Intergenerational businesses are slowly becoming a thing of the past in the funeral industry, but not for Bridget and Bevan Hoult, who have just become the fourth generation to step into the shoes of running one of the region’s most recognised funeral providers.
Bridget Hoult (nee Day) remembers going out with her grandfather and father on long drives in the hearse when she was just a young child. She says it was her job to keep everyone awake.
“I don’t know if I was much good at that, I normally fell asleep as soon as we got on the road.”
Her family has run Day’s Funeral Services, formerly P Day & Son - the umbrella company of Marsden House, Waimea Richmond Funeral Services, Nelson Tasman Cremations and Golden Bay Motueka Funeral Services and the Hope Gardens of Remembrance Crematorium, since the early 1900s. Bridget remembers her first paid employment being in the funeral home while she was still at school.
“I’d clean the hearses and help my grandmother with the catering for services, in hindsight this was probably where my interest in becoming a funeral director started.”
The company became the first in New Zealand to introduce catering at funeral services.
Bridget took time out from the industry for a while, reconfirming that it was where she still wanted to be. Fast-forward a few decades and Bridget, along with husband Bevan, have taken the reins from her father and are now the proud owners of Day’s Funeral Services.
“I haven’t always worked here in the industry,” she says. “I took myself off overseas for 10 years where I did some teaching in England.”
But Nelson, family, and the family business, eventually called her home.
Upon her return, Bevan was working at the company as a funeral director and embalmer. The pair reconnected after going to school together in earlier years, married and had three daughters.

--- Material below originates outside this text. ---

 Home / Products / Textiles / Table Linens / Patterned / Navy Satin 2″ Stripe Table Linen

The couple then moved to Motueka to run the funeral home there for 10 years, raising their family, before heading to Southland.
“We got a call a few months ago from dad saying it was time for him to put his feet up and asking if we would consider moving home and purchasing the business,” Bridget says.

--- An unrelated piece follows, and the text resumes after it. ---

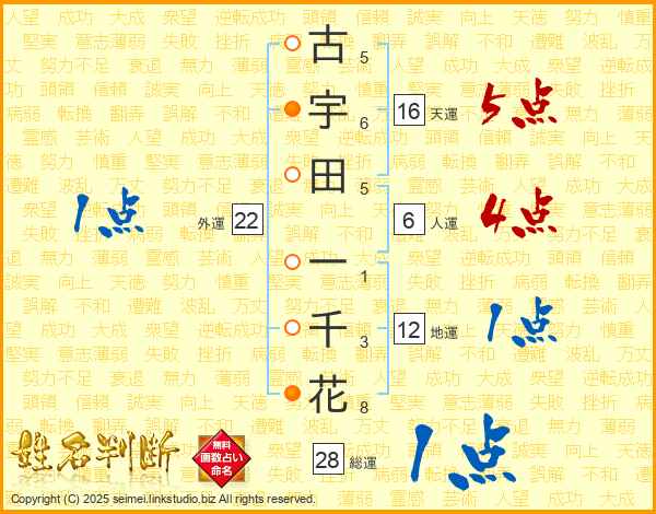 古(5画)宇(6画)田(5画) 一(1画)千(3画)花(8画)

They say it wasn’t an instant decision, but after some consideration, was one they were happy to make.
“Southland is a wonderful place, we had a good group of friends,” Bevan says. “Family is so important to us and with two of our daughters in Central Otago and another on the West Coast it was a hard decision to make, but one we are happy to have made.”
The couple are both qualified funeral directors and embalmers with Bevan labelling the work as a real privilege.
“You’re with people when they’re at their most vulnerable, there’s not many people that can help people through those initial stages of grief,” he says. “You also hear some fascinating stories about what people have done with their lives.”
“Sadly, we look after people in terribly sad situations, for example, families who have lost a stillborn, but that baby has still left a mark on their lives,” he says.
“Everyone has left their mark on this world,” Bridget adds.
The couple have strong family heritage across the region.
“There would not be many areas in the district that does not have an ancestral connection for one of us,” Bevan says.
“We’re not a corporate company, we are people that you meet on the street, people that you meet in the community. It’s a bit like our family looking after their family,” Bevan says.
As for their own children joining the family business ... “Time will tell,” they both say.